Safety and efficacy of first-line dacomitinib in Japanese patients with advanced non-small cell lung cancer.

机构信息

Department of Thoracic Medical Oncology, The Cancer Institute Hospital, Japanese Foundation for Cancer Research, Tokyo, Japan.

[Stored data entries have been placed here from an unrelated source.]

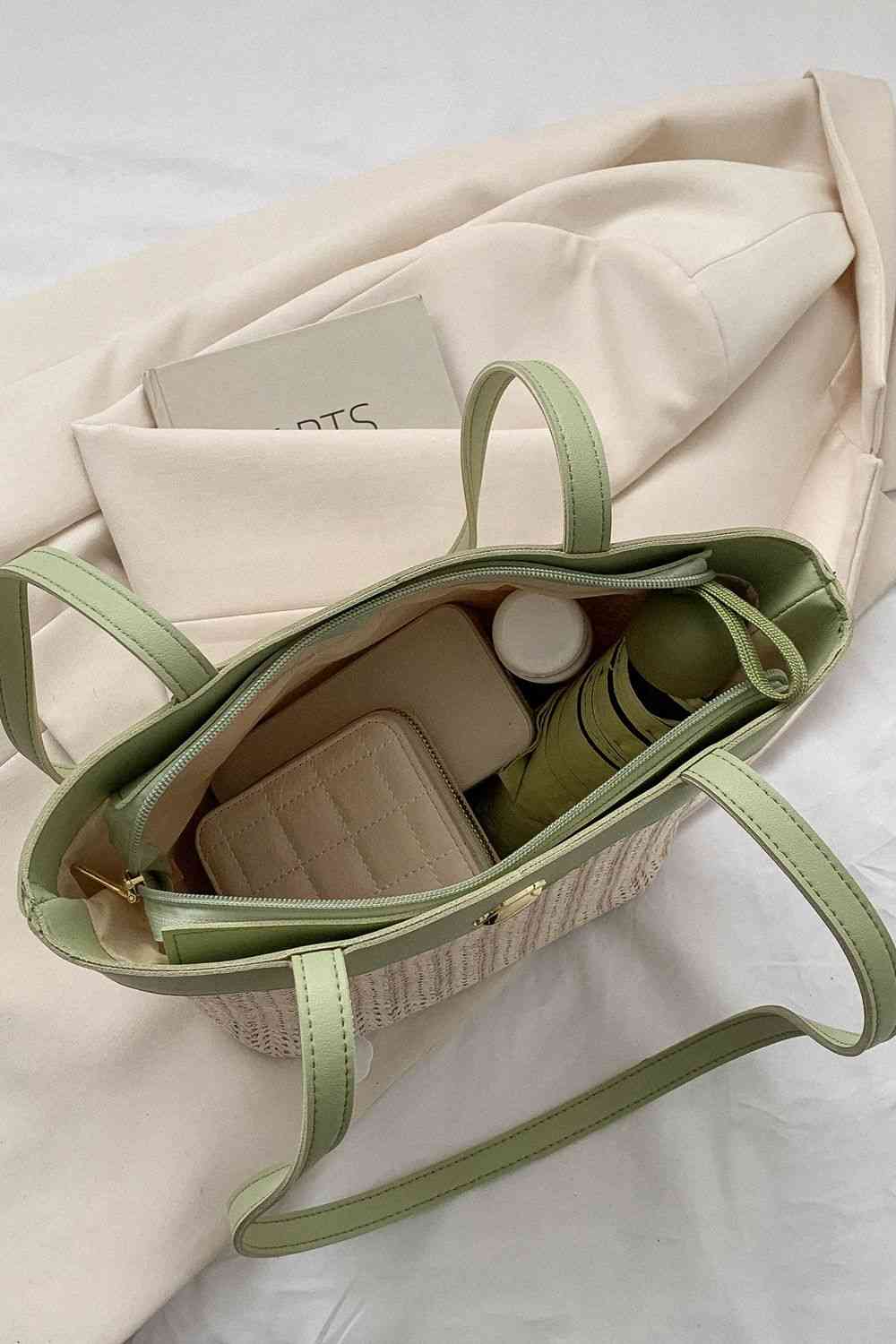 Two-Tone Straw PU Tote Bag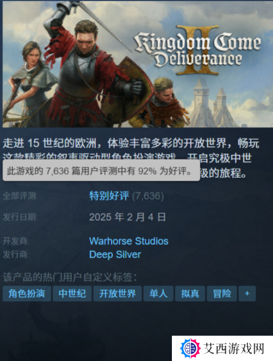 随着2月4日《天国:拯救2》正式发布,本作在Steam上的首日在线玩家人数就达到了16万人次。销量突破100万份,发布当天就实现了回本。高达92%的好评率,也说明了外界对这款游戏的评价有多高。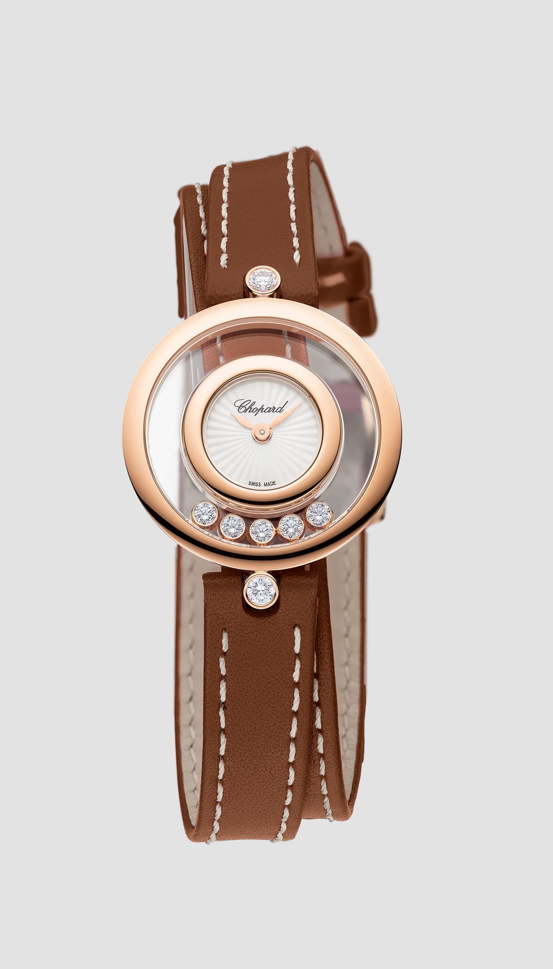 Seit 1976 die erste Happy Diamonds Uhr erfunden wurde, bringen die tanzenden Diamanten die Kollektion auf fröhliche Weise zum Strahlen. Die Happy Diamonds Uhren stehen in erster Linie für einen verspielten und entspannten, unabhängigen Geist, der offen für unbegrenzte Metamorphosen ist. Happy Diamonds wirbeln zwischen zwei absolut transparenten Saphirgläsern herum und vermitteln den Eindruck, dass die Diamanten die Haut berühren. Die berühmte Uhr gibt es neu mit langen, geschmeidigen Lederarmbändern, die, zweimal um das Handgelenk geschlungen, die betörende Präsenz dieser Uhr mit ihrem fröhlichen Charme verstärken. Little Diamonds Do Great Things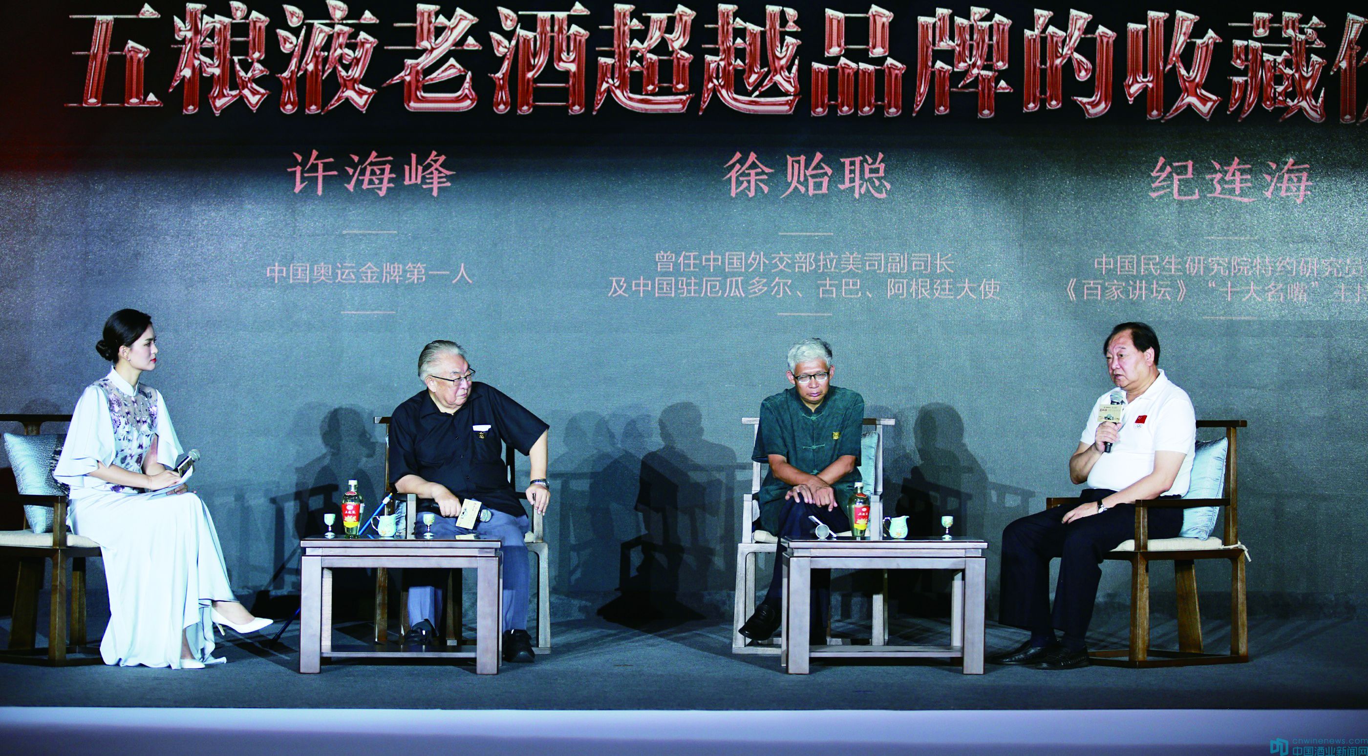 8月16日,“老酒回家”暨“五糧液傳世濃香·溯源之旅”活動在五糧液公司舉辦。圖為中國駐厄瓜多爾、古巴、阿根廷前大使徐貽聰(左二),中國奧運金牌第一人、健康中國推進委員會委員許海峰(右一),中國民生研究院特約研究員、《百家講壇》著名主講人紀連海(右二)出席活動。

Department of Thoracic Oncology, Kanagawa Cancer Center, Kanagawa, Japan.

出版信息

Cancer Sci. 2020 May;111(5):1724-1738. doi: 10.1111/cas.14384. Epub 2020 Apr 14.

Abstract

In a subgroup of Japanese patients in the ARCHER 1050 randomized phase 3 trial, we evaluated the efficacy and safety and determined the effects of dose modifications on adverse events (AE) and therapy management of first-line oral dacomitinib 45 mg compared with oral gefitinib 250 mg, each once daily in 28-d cycles, in patients with EGFR-activating mutation-positive (EGFR-positive; exon 19 deletion or exon 21 L858R substitution mutations) advanced non-small cell lung cancer (NSCLC). The primary endpoint was progression-free survival (PFS; RECIST, version 1.1, by blinded independent review). In 81 Japanese patients (40 dacomitinib, 41 gefitinib), PFS was longer with dacomitinib compared with gefitinib (hazard ratio [HR], 0.544 [95% confidence interval {CI}, 0.307-0.961]; 2-sided P = .0327; median 18.2 for dacomitinib [95% CI, 11.0-31.3] mo, 9.3 [95% CI, 7.4-14.7] mo for gefitinib). The most common Grade 3 AEs were dermatitis acneiform with dacomitinib (27.5%) and increased alanine aminotransferase with gefitinib (12.2%). A higher proportion of patients receiving dacomitinib (85.0%) compared with gefitinib (24.4%) had AEs leading to dose reduction. Incidence and severity of diarrhea, dermatitis acneiform, stomatitis and paronychia were generally reduced after dacomitinib dose reductions and dacomitinib treatment duration was generally longer in patients with a dose reduction in comparison with those without a dose reduction. Our results confirmed the efficacy and safety of first-line dacomitinib in Japanese patients with EGFR-positive advanced NSCLC.

摘要

在 ARCHER 1050 随机 3 期临床试验的日本亚组患者中,我们评估了疗效和安全性,并确定了剂量调整对不良事件(AE)的影响和一线口服达可替尼 45mg 与口服吉非替尼 250mg 的治疗管理,每个周期 28 天,每天一次,用于治疗表皮生长因子受体(EGFR)激活突变阳性(EGFR 阳性;外显子 19 缺失或外显子 21 L858R 取代突变)晚期非小细胞肺癌(NSCLC)患者。主要终点是无进展生存期(PFS;RECIST,版本 1.1,由盲法独立审查)。在 81 例日本患者(40 例达可替尼,41 例吉非替尼)中,达可替尼的 PFS 长于吉非替尼(风险比[HR],0.544[95%置信区间{CI},0.307-0.961];双侧 P = 0.0327;达可替尼的中位 PFS 为 18.2 个月[95%CI,11.0-31.3],吉非替尼为 9.3 个月[95%CI,7.4-14.7])。最常见的 3 级 AE 是达可替尼的痤疮样皮炎(27.5%)和吉非替尼的丙氨酸氨基转移酶升高(12.2%)。接受达可替尼治疗的患者(85.0%)比接受吉非替尼治疗的患者(24.4%)中,因 AE 导致剂量减少的比例更高。达可替尼剂量减少后,腹泻、痤疮样皮炎、口腔炎和甲周炎的发生率和严重程度通常降低,与未减少剂量的患者相比,减少剂量的患者的达可替尼治疗持续时间通常更长。我们的结果证实了一线达可替尼在日本 EGFR 阳性晚期 NSCLC 患者中的疗效和安全性。